=== Section Start ===

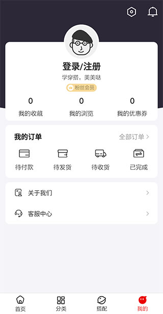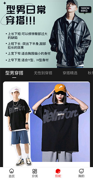 3、当我们想要学习穿搭的时候,可以打开【搭配】页面,这里为用户提供了型男穿搭、无性别穿搭、穿搭精选等多种方案。
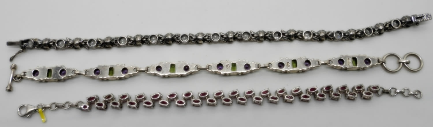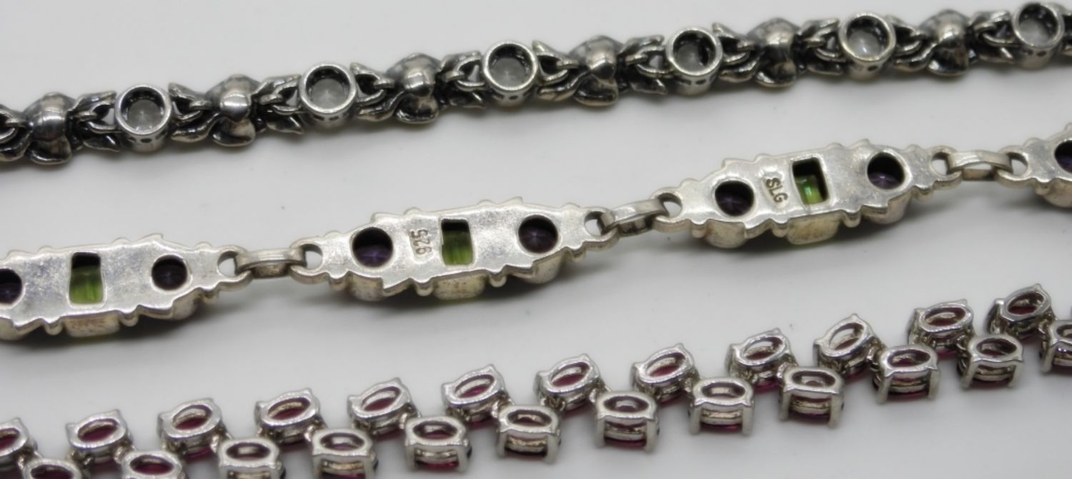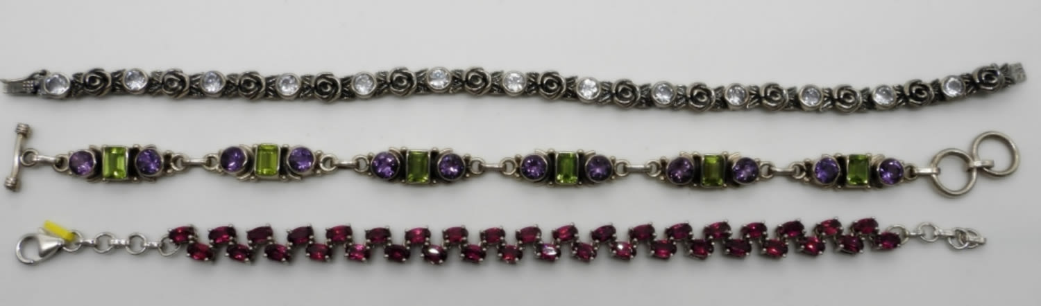 (1) STAMPED SLG INDIA with TOGGLE LATCH 7 1/2″, (1) 925 PZ ISRAEL ROSE TENNIS BRACELET 7 1/2″ (1) DARK PINK TOPAZ TENNIS BRACELET 7 1/4″
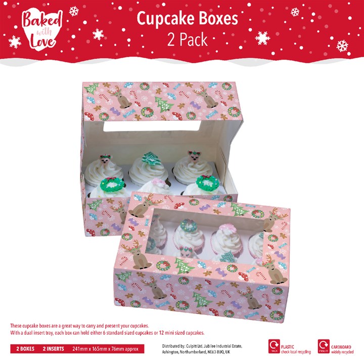 Baked with Love 2 pack Magical Woodland Cupcake Boxes are a great way to carry and present your Christmas treats.
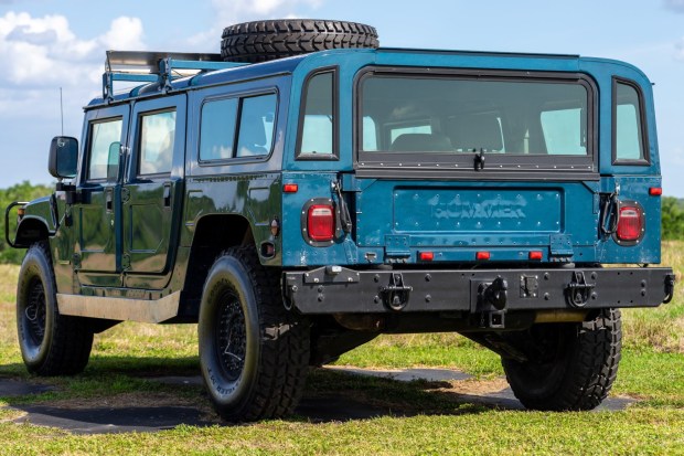 This 1995 AM General Hummer is a four-door wagon that spent its first 12 years registered in New Jersey before it resided in three different provinces in Canada for the next 18 years. It then reentered the US in 2025, when the selling dealer acquired it. The truck is powered by a 6.5-liter diesel V8 linked to a four-speed automatic transmission, a dual-range transfer case, and torque-biasing front and rear differentials. The blue-finished bodywork has a front brush guard, a Badland 12k-lb front winch, a rear pintle hitch, a receiver hitch, an LED light bar, aftermarket auxiliary lighting, and …
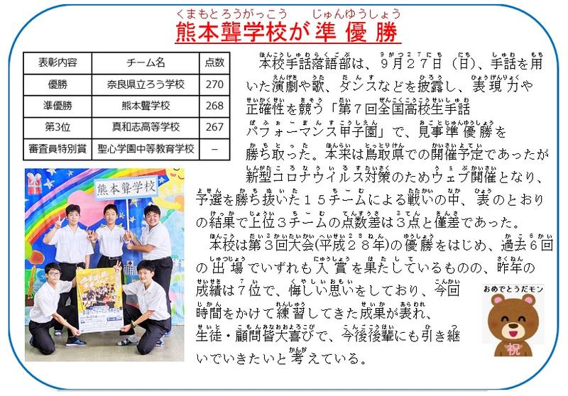 全国高校生手話パフォーマンス甲子園、準優勝!
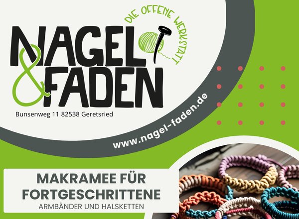 "Du beherrschst die Grundlagen des Makramees und möchtest dein Wissen erweitern? In diesem Workshop für Fortgeschrittene tauchen wir tiefer ein in die Welt der filigranen Knoten – mit dem Fokus auf individuellen, kunstvollen Makramee-Schmuck....

=== Section End ===

*Your goal*. Return the listing above unchanged, apart from dropping its pictures.

*Task result*.
 3、当我们想要学习穿搭的时候,可以打开【搭配】页面,这里为用户提供了型男穿搭、无性别穿搭、穿搭精选等多种方案。
 (1) STAMPED SLG INDIA with TOGGLE LATCH 7 1/2″, (1) 925 PZ ISRAEL ROSE TENNIS BRACELET 7 1/2″ (1) DARK PINK TOPAZ TENNIS BRACELET 7 1/4″
 Baked with Love 2 pack Magical Woodland Cupcake Boxes are a great way to carry and present your Christmas treats.
 This 1995 AM General Hummer is a four-door wagon that spent its first 12 years registered in New Jersey before it resided in three different provinces in Canada for the next 18 years. It then reentered the US in 2025, when the selling dealer acquired it. The truck is powered by a 6.5-liter diesel V8 linked to a four-speed automatic transmission, a dual-range transfer case, and torque-biasing front and rear differentials. The blue-finished bodywork has a front brush guard, a Badland 12k-lb front winch, a rear pintle hitch, a receiver hitch, an LED light bar, aftermarket auxiliary lighting, and …
 全国高校生手話パフォーマンス甲子園、準優勝!
 "Du beherrschst die Grundlagen des Makramees und möchtest dein Wissen erweitern? In diesem Workshop für Fortgeschrittene tauchen wir tiefer ein in die Welt der filigranen Knoten – mit dem Fokus auf individuellen, kunstvollen Makramee-Schmuck....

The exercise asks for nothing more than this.